Radiological and functional evaluation was done for delayed fixation (>24 h) of displaced fractures in the femoral neck in 21 children (21 hips) treated over 11 years. Mean patient age was 11.8 (median 12, range 5–15) years. Extraphyseal fixation was done using partially threaded cannulated cancellous screws after closed or open reduction. Patients were allowed full weight bearing after 12–18 weeks. Results were assessed on the basis of modified Ratliff criteria. Patients were followed for a mean of 81 (range 66–129) months.
All fractures united at a mean duration of 12 (range 10.6–14) weeks. Three (14.3%) patients had osteonecrosis of the hip, which was significantly related to poor outcome (r = 0.495; P = 0.022). There was a significant correlation (r = 0.52) between development of osteonecrosis and delayed fracture fixation of >10 days (P = 0.016) and open reduction (P = 0.016).

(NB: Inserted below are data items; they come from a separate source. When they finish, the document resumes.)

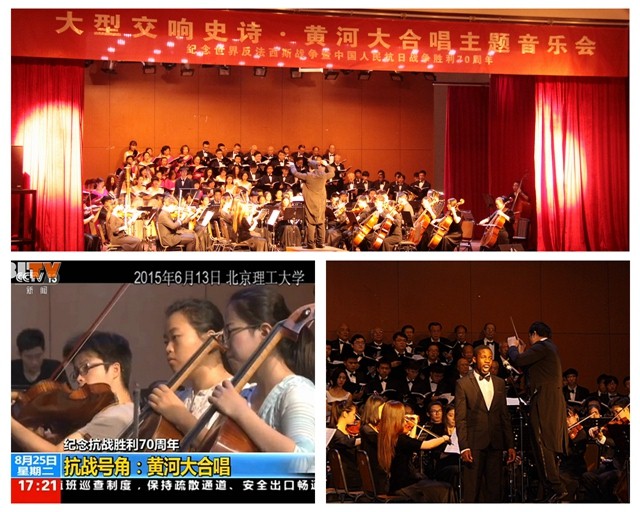 學(xué)校于6月13日晚在中關(guān)村校區(qū)文化劇場隆重舉行了交響史詩黃河大合唱——紀(jì)念中國人民抗日戰(zhàn)爭暨世界反法西斯勝利70周年主題音樂會。黨委副書記副校長項昌樂與數(shù)百名師生一起在音樂中緬懷先烈,共同紀(jì)念中國人民保家衛(wèi)國、爭取和平的光輝歷史。中央電視臺《新聞直播間》欄目對本次音樂會進(jìn)行了報道。音樂會中,我校交響樂團(tuán)、學(xué)生合唱團(tuán)演奏演唱了交響史詩《黃河大合唱》多個經(jīng)典選段,還與教工合唱團(tuán)一起演唱了《松花江上》等經(jīng)典愛國歌曲。
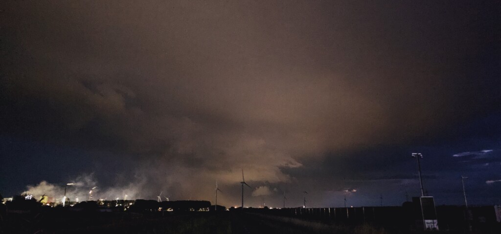 Ik zit op dit moment oost van Terneuzen, weerlicht als een yekko, wallcloud in het bliksemlicht zichtbaar, heel veel cc en ic werk en een sporadische cg
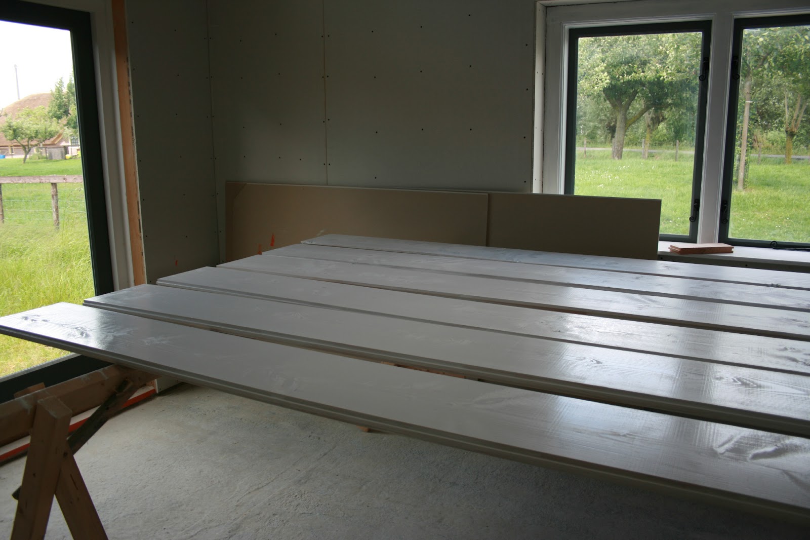 De eerste 45 m2 van in totaal 117 m2 aan douglas vloerdelen voor boven de keuken is geverfd. Vanavond nog 6 m2 in de lak en de eerste 17 planken zijn gereed. Nog 22 planken te gaan. Inmiddels hebben we de constructie verplaatst van de deel naar de kaasmakerij en kunnen er precies 6 planken tegelijk worden geverfd. Elke avond een uurtje verven om een kant te doen en met 3 dagen is er weer een serie gereed; helemaal in de grondverf en 1 kant afgelakt.

Outcome following temporal delay in fracture fixation of the femoral neck is primarily affected by osteonecrosis of the femoral head, whereas restriction of movements, shortening, and premature physeal closure has no significant influence. Osteonecrosis is primarily linked to delay and open reduction, whereas fracture type, age, and sex seem insignificant factors. Capsular decompression does not seem to affect the outcome in delayed presentations and may hinder definitive treatment.
Femoral neck fractures in children are uncommon, accounting for <1% of all fractures in pediatric patients [1–3]. The treatment of choice for displaced fractures is emergent closed or open reduction and internal fixation as early as possible [1, 3–9]. Inadvertent delay in fixation may occur and are not uncommon in developing countries due to a variety of reasons. These fractures are known to have a high complication rate, including osteonecrosis of the femoral head (the most common and disabling complication), chondrolysis, nonunion, premature physeal closure, coxa vara, and limb-length discrepancies [2, 7, 10, 11]. Primarily, complications have been linked to delayed treatment [6–8, 10–12], fracture type and patient age , inadequate reduction , and fixation failure . Causes of complications have been established by retrospective evaluation, with only a few studies documenting the development of complications after temporal delay in fixation. The role of capsular decompression also has not been reasonably established considering the fact that primary injury to vascularity occurs at the time of initial injury [13, 14]. We studied 21 cases of displaced femoral neck fractures presenting to us over a period of 11 years in a retrospective−prospective manner to determine radiological and functional outcomes of delayed fixation, factors influencing outcomes, and whether capsular decompression has a role in the initial management of these fractures.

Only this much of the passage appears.